DE539055C - Rotating workpiece clamping device on grinding machines, especially for crankshafts to be clamped on both sides with clamping jaws on the workpiece spindles - Google Patents

Description

The invention relates to a workpiece holding and clamping device "which is used in Machine tools, especially in the case of a double-headed grinding machine for grinding can be used by crankshafts and the like.

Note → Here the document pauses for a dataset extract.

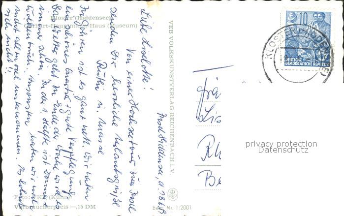 71999619 alte Postkarte Kloster Hiddensee Gerhart Hauptmann Haus postalisch gelaufen Erhaltung siehe scans KatCode: 11110013061017

Various devices have heretofore been used to convert a crankshaft into a Clamp double head machine so that the drive between the two heads for Avoid excessive torsional stresses on the shaft can be compensated during grinding. These devices included hand-operated clamping devices designed to allow the Clamping part into its position and then turning a clamping bolt or a nut using a suitable key to

also required locking the shaft in the correct position on the workpiece head. Of the Worker also had the clamping bolt or nut after the grinding process to loosen and swivel the clamping part from its place before pulling the shaft out the machine and swap it for another. This required considerable work Time for the worker and decreased the performance of the machine.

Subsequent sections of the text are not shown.